How use echo with grep in a Unix shell script?

Use grep with -o option:

printf "%s: %s\n" "Linux : " "$(grep -o "Linux" ~/workspace/ep-exercicios/m1/e2/intro-linux.html | wc -w)"

should do it

grep manpage says :

-o, --only-matching
Print only the matched (non-empty) parts of a matching line,with each such part on a separate output line.

grep -o | wc -l logic from other answer should work on most systems today.

Here is another mechanism using awk.

awk 'END{print RS " : " NR-1}' RS=Linux ~/workspace/ep-exercicios/m1/e2/intro-linux.html

Logic: split the file in records, with record separator = "Linux". In the end, print the record number.
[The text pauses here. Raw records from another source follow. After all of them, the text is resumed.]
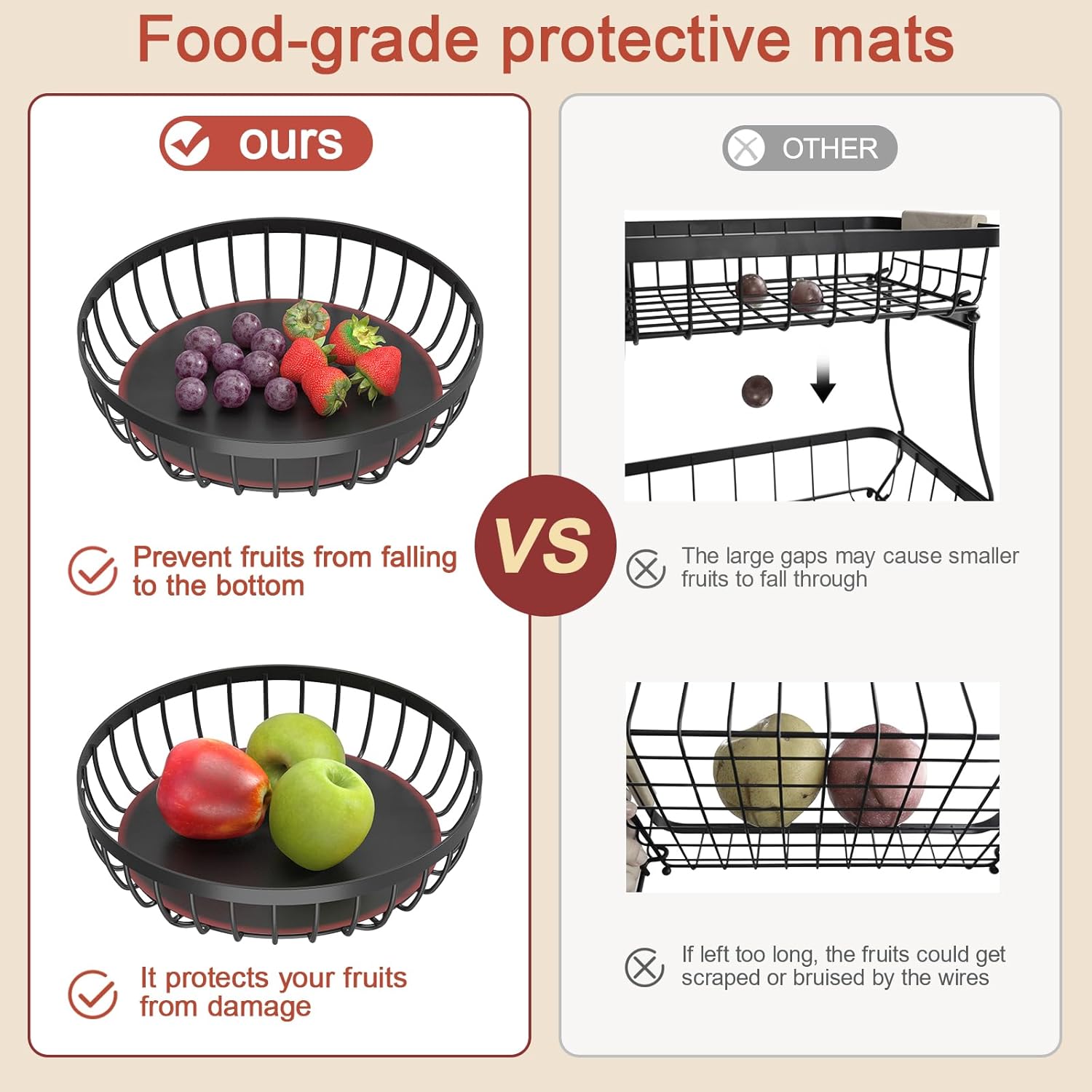 - Protects Fruit: Features a food-grade protective liner to prevent small fruits from falling and avoid pressure marks. Perfect fruit holder.
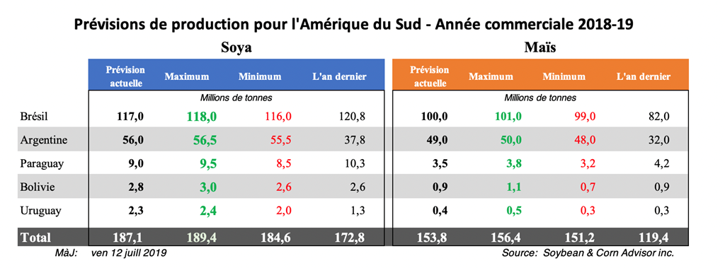 Dans son rapport sur les cultures de juillet, CONAB a augmenté son estimation du maïs brésilien 2018/20219 de 1,5 millions de tonnes, pour atteindre 98,5 millions de tonnes, et la hausse de l’estimation du soya brésilien 2018/2019 est de 0,2 million de tonnes, pour totaliser 115 millions de tonnes.
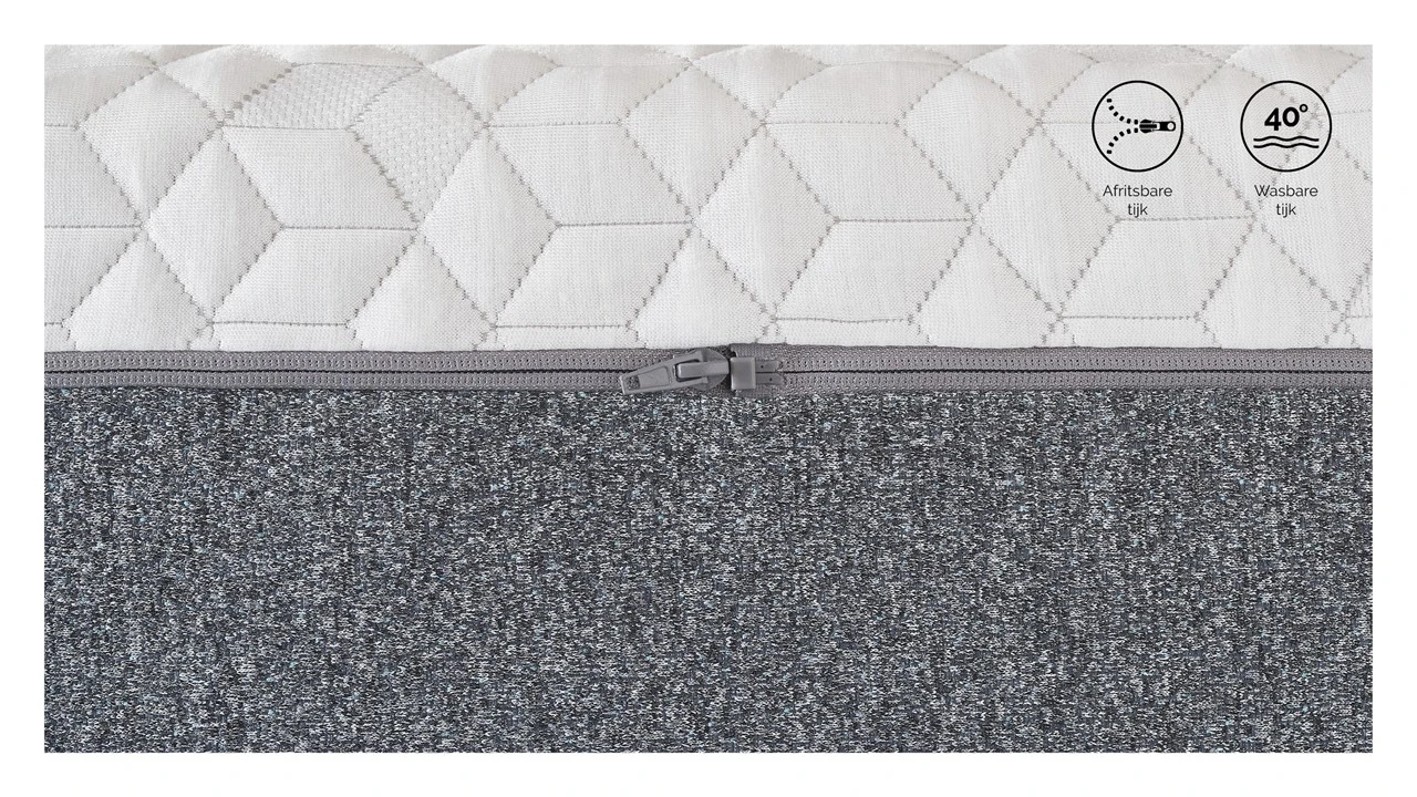 De tijk (matrashoes) is soepel en heeft ademende eigenschappen. De tijk is afritsbaar en wasbaar op 40°C graden.

e.g. for file containing these contents:

The Linux is a Unix-like and mostly POSIX-compliant computer operating system (OS) assembled under the model of free and open-source software development and distribution. The defining component of Linux is the Linux kernel, an operating system kernel first released on October 5, 1991 by Linus Torvalds. The Free Software Foundation uses the name GNU/Linux to describe the operating system, which has led to some controversy

records will be:

1. The
2. is a Unix-like and mostly POSIX-compliant computer operating system (OS) assembled under the model of free and open-source software development and distribution. The defining component of
3. is the
4. kernel, an operating system kernel first released on October 5, 1991 by Linus Torvalds. The Free Software Foundation uses the name GNU/
5. to describe the operating system, which has led to some controversy

Occurrence count of Linux is 4 == last record number - 1.

Simply you can achieve it by doing slight modification below.

echo "Linux: `grep "Linux" ~/workspace/ep-exercicios/m1/e2/intro-linux.html | wc -w`"